I’d like to point out the fact that, although ultimately I do not agree with the idea in its entirety,
the anti-civilization trend of the film does appeal to me quite a bit. The thing I admire the most
about it is its “completeness”. It always stroke me as curious that some people should rally against
civilization while at the same time being incapable of letting go of some of its main products:
technology and the comfort that comes from it, complex art, etc. I do believe that thoughts do not
need to be backed up by actions; they can be entirely opposite, in fact. Congruity is not something
that I hold as really valuable. However, awareness is, and I think that the people who usually rally
against civilization are not aware of the contradiction they’re incurring into. What’s so wonderful
about this film is that it takes that criticism to its ultimate point: in the explosion sequence we see
clearly that all products of civilization are being blown away, as if stating that none of them, no
matter how positive they may seem, can be considered good when coming from a source that the
director sees as rotten. And so, we see technology being blown away, but also clothes, frozen food
and, most importantly, books.

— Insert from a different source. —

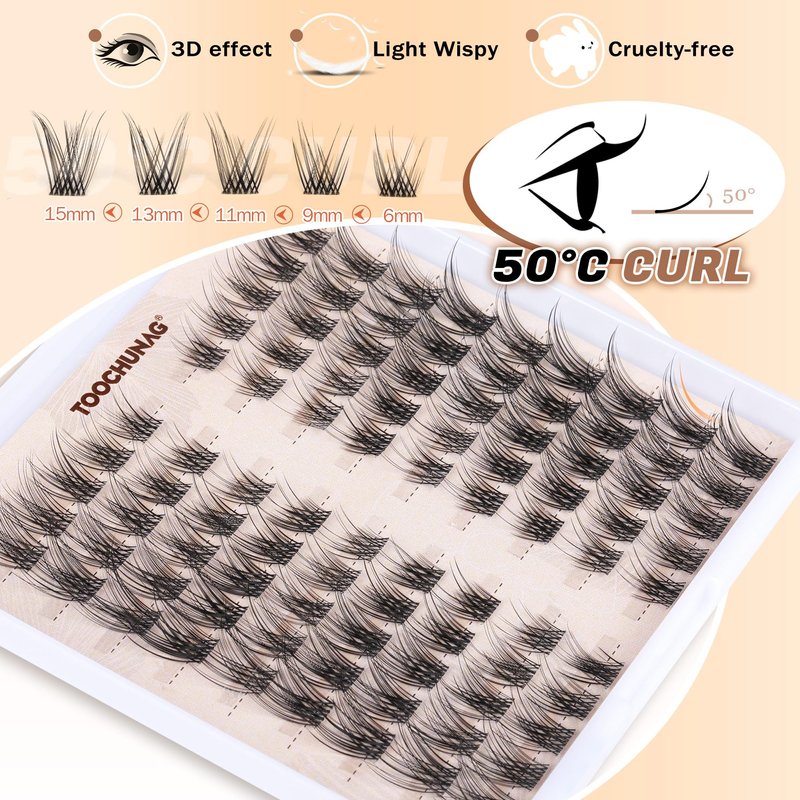 - C Curl Wispy Cluster Lashes: Open your eyes up with natural 50°C lash clusters! Just the right length and volume! It's perfect for wispy and textured individual eyelashes without going overboard.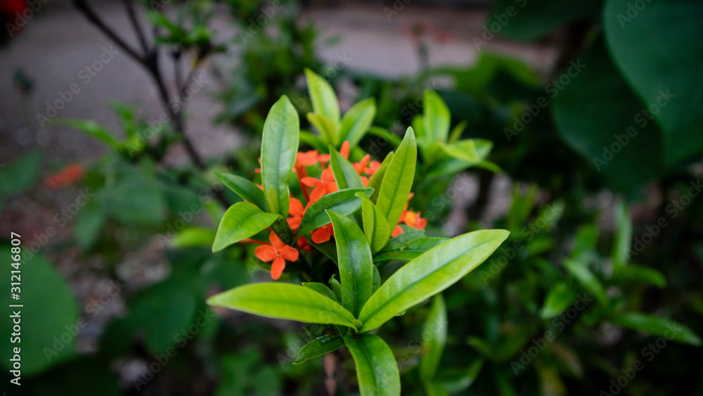 Beautiful Epidendrum is red, grows beautifully in the garden. ornamental plants that are easily cultivated as yard decorations or home terraces

With these last items, the criticism is complete: the director states
that art as we know it is also a product of civilization, therefore art, the whole of it, even the film
we are watching, must be destroyed as well. Although I do not share the feeling, I certainly find it
most appealing, and the courage shown in taking the notion this far is certainly admirable.

Another aspect of it I find interesting is its critical stance both against 60’s and 70’s revolutionary
feeling as against “the Man”. The final sequence, the culmination of the film’s ideas, shows that if
revolution is ever to be attained, things like protests, strikes or bureaucratic meetings are certainly
not the way to achieve it. So a more “anarchist” (in the nineteenth century sense of the word)

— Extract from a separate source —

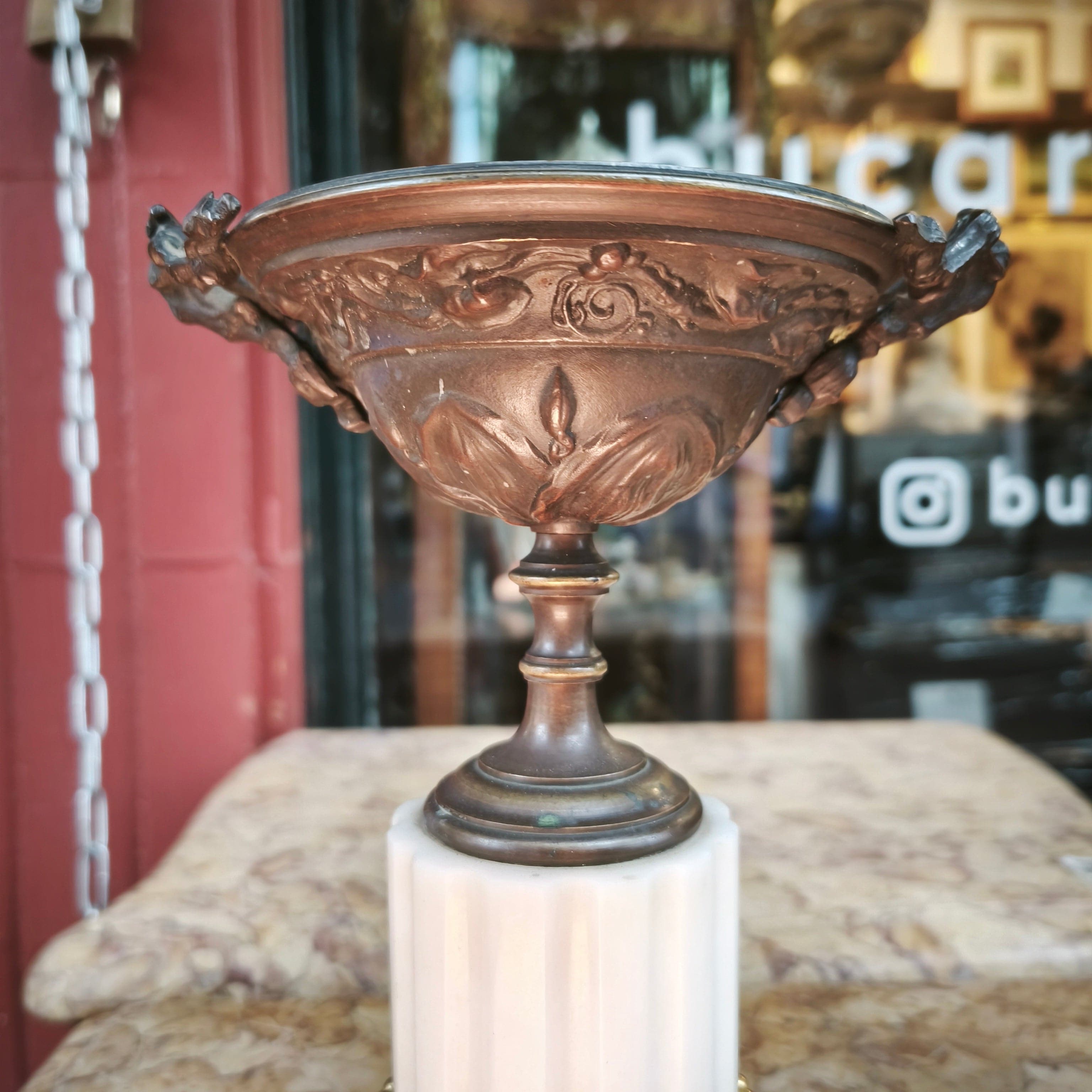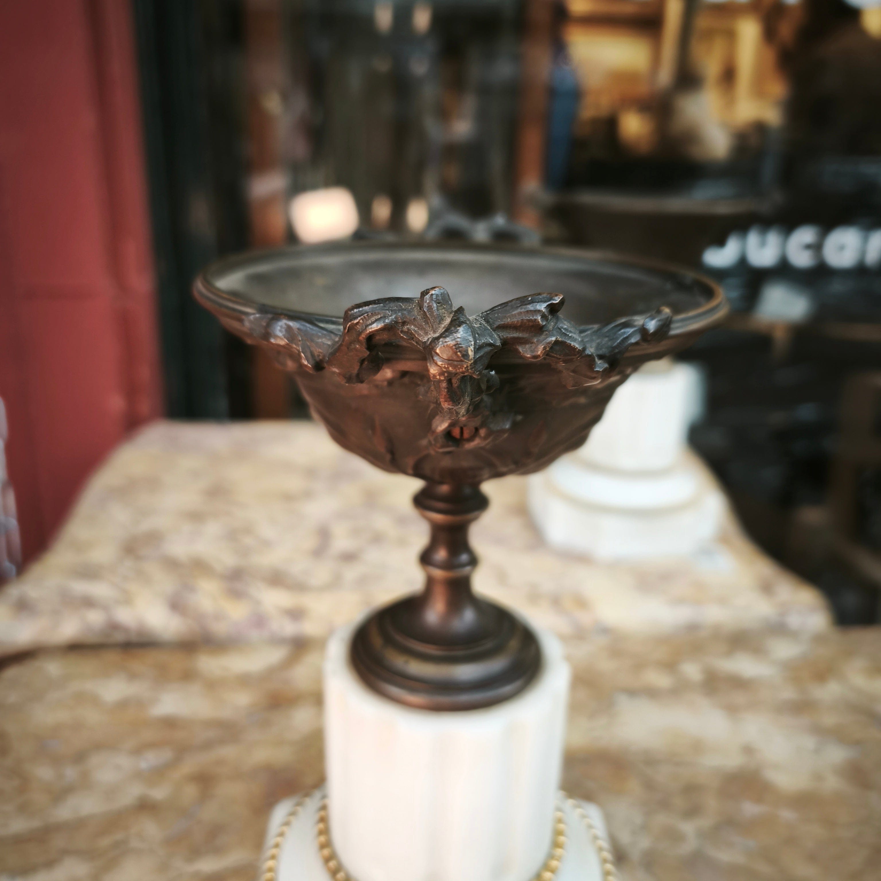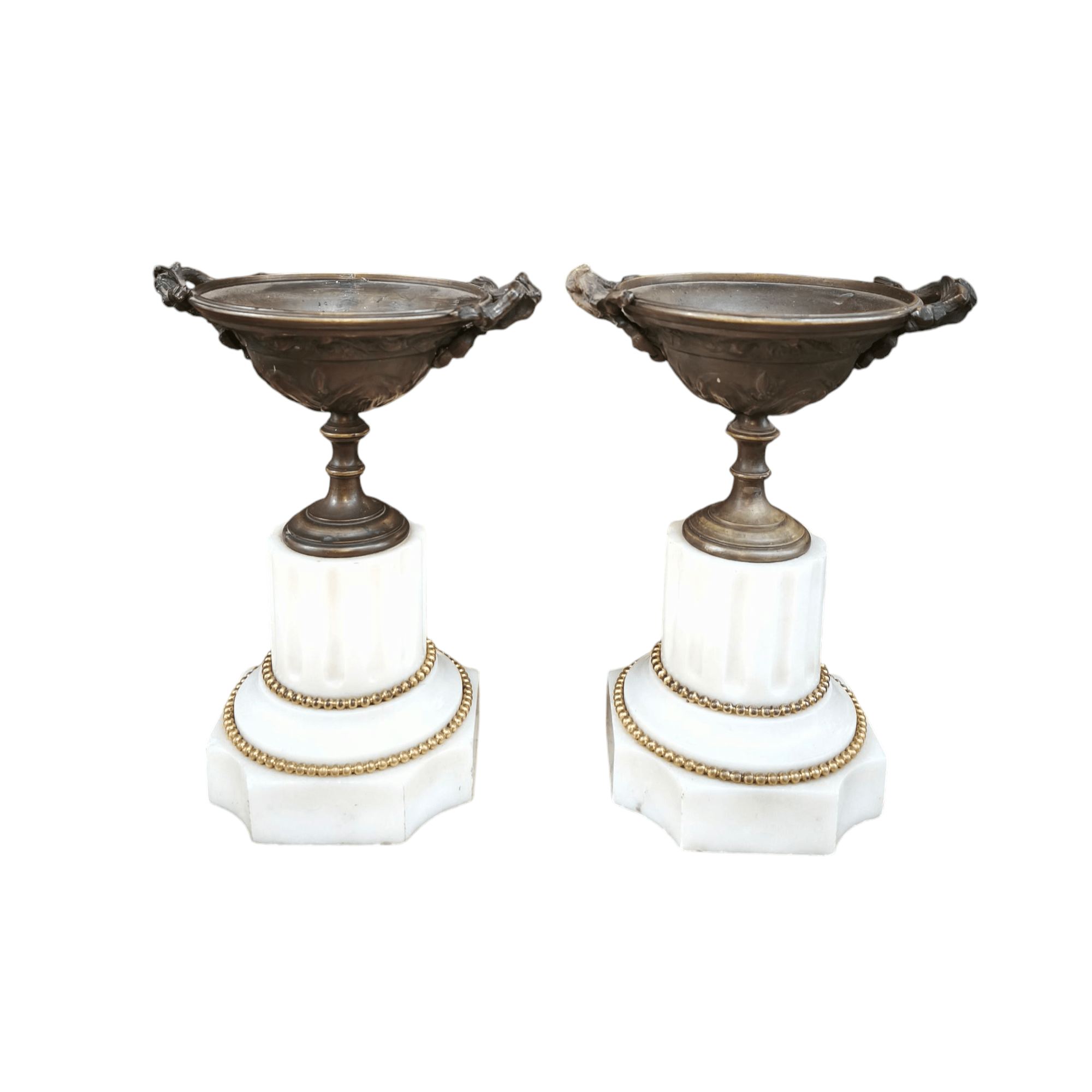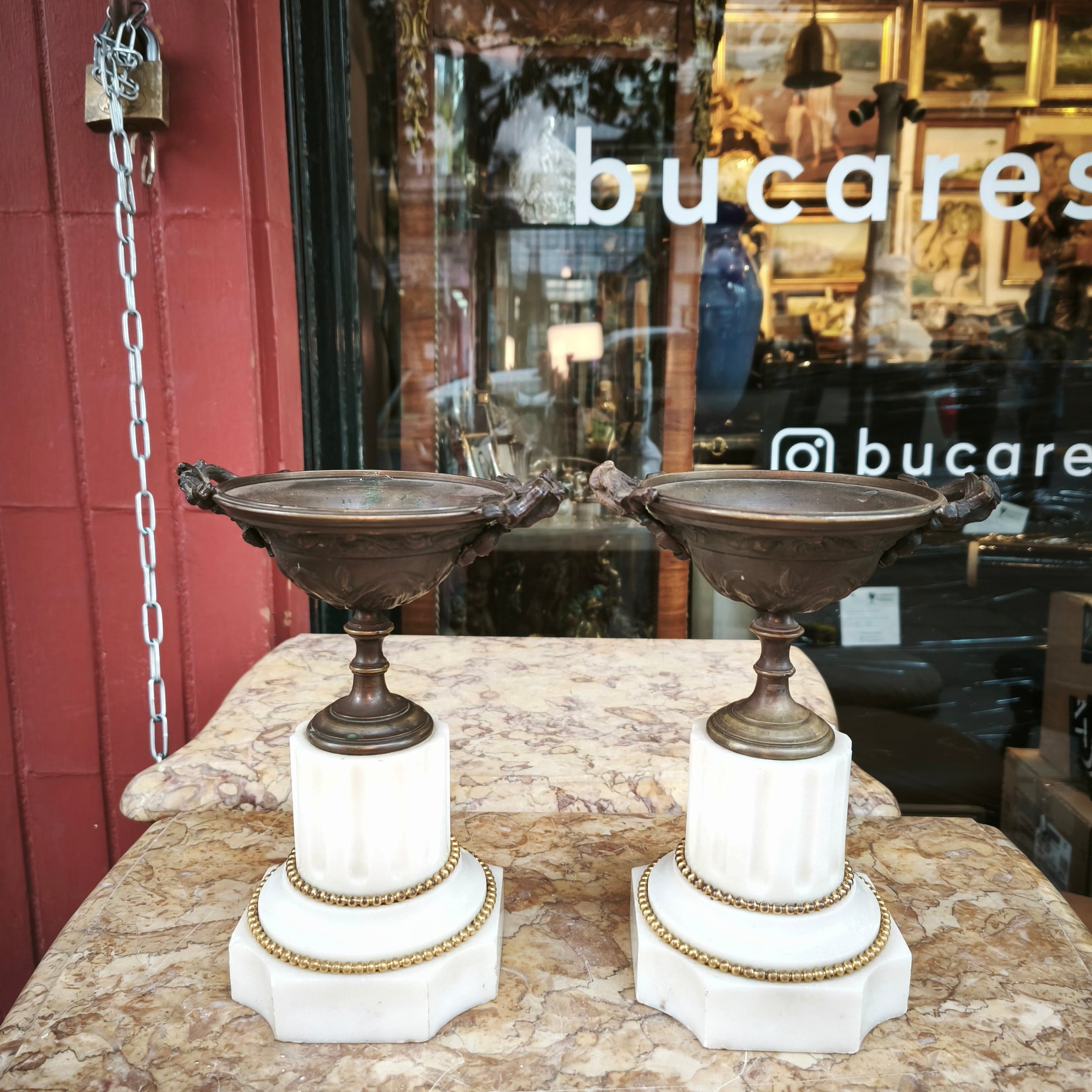Hermosos coponcitos franceses de bronce y mármol blanco estilo cassolettes.

approach is taken. If we are going to change the world, we need to blow all of civilization and,
more importantly, all of its products.

Now, on the orgy sequence. I see it as a symbol for the two main character's communion, not with
nature, since nature itself is rather absent from such a barren setting, a setting described as
"dead", but with their own humanity, with the animal, atavistic, primal essence which ultimately
makes us who we are and drives us, a connection that most people is shown in the film as to have
lost. In this sense, it could be said that they're the last two human beings left, both in the desert
setting, devoid of any other life, as in the world itself. But they are also the two only individuals
left; the two only people capable of thinking for themselves, of rejecting all social conventions of
any kind and being themselves. And considering the primalness of the orgy and of the desert, they
would seem to represent a sort of new Adam and Eve: the heralds of a new beginning, the
founders of a new world where no social conventions will limit our individuality and humanity.

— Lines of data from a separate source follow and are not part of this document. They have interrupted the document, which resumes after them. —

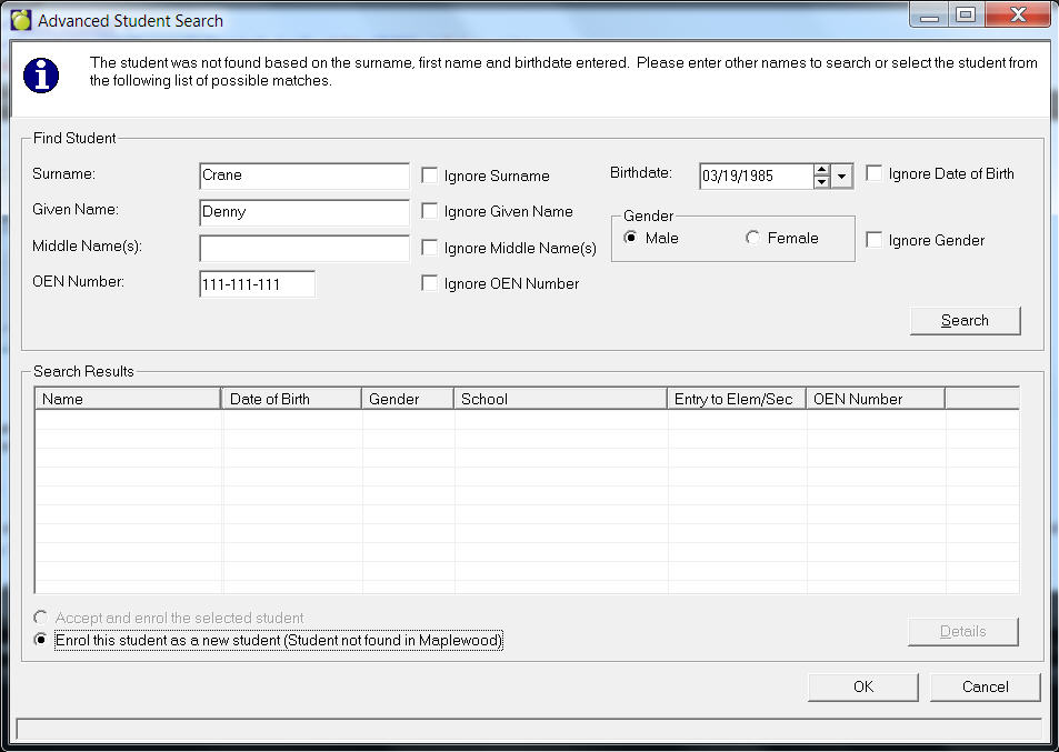 Examine the Search Results to see if one of the close matches could be the desired student. May also expand the search by opting to ignore Name, Birthdate or Gender to find additional potentially matching students.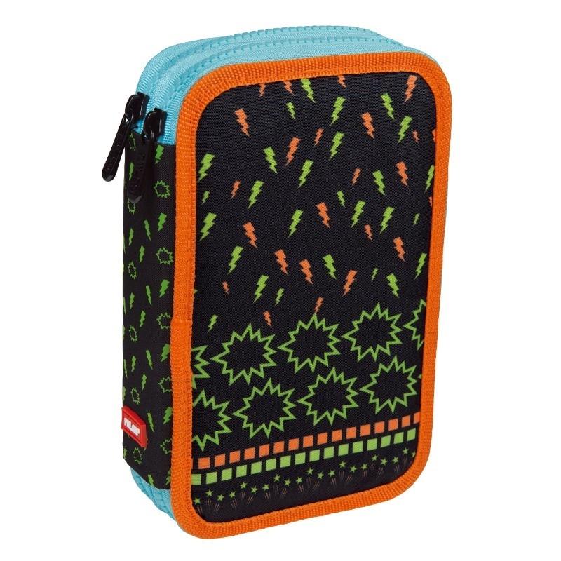 Piórnik MILAN 2-poziomowy z wyposażeniem z kolekcji SUPER HEROES w kolorze czarnym z kolorowym nadrukiem.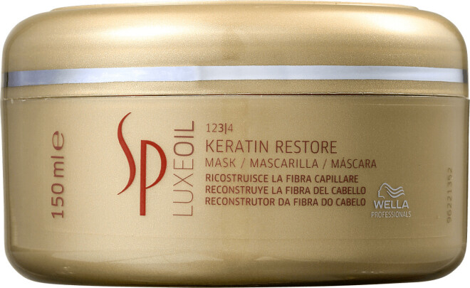 Wella System Professional Luxe Oil keratīnu atjaunojoša maska. Bagātināta ar izmeklētām eļļām, kas padara matus mīkstus, atjauno matu šķiedru, uzlabo matu struktūru. Maksā 35,49 EUR.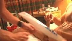 Aqui vemos dois amigos que estão muito atraídos sexualmente e decidem que é o melhor momento para foder na cama como homossexuais.

And yet. Immediately after the orgy scene is over, a few intruders trample on our new Eden (a
stereotypically middle-class, mediocre family and a police officer), as if implying that all that
happened among the hills is nothing but wishful thinking, that ultimately reality catches up and
swallows all such intentions of renewal. Perhaps this, again, points into the direction of the
meaning I read into the ending. It is ultimately not a "make love not war" approach which will
reset civilization, but a clearly violent, destructive one.
It is interesting how the bespectacled “revolutionary” at the beginning of the film claims that
individuality is a “burgeoise” idea, and that it is only organizations that can bring about change.
The movie goes on to prove him wrong with its two main characters, who are extremely
individualistic and are fed up from the conventions and stiffness that appear both in left- and right-
winged movements. For a moment, even if it is fleetingly, this two people make the world a much
more beautiful place, bring about much more change than these “revolutionaries” will ever attain
with their endless jabbering sessions.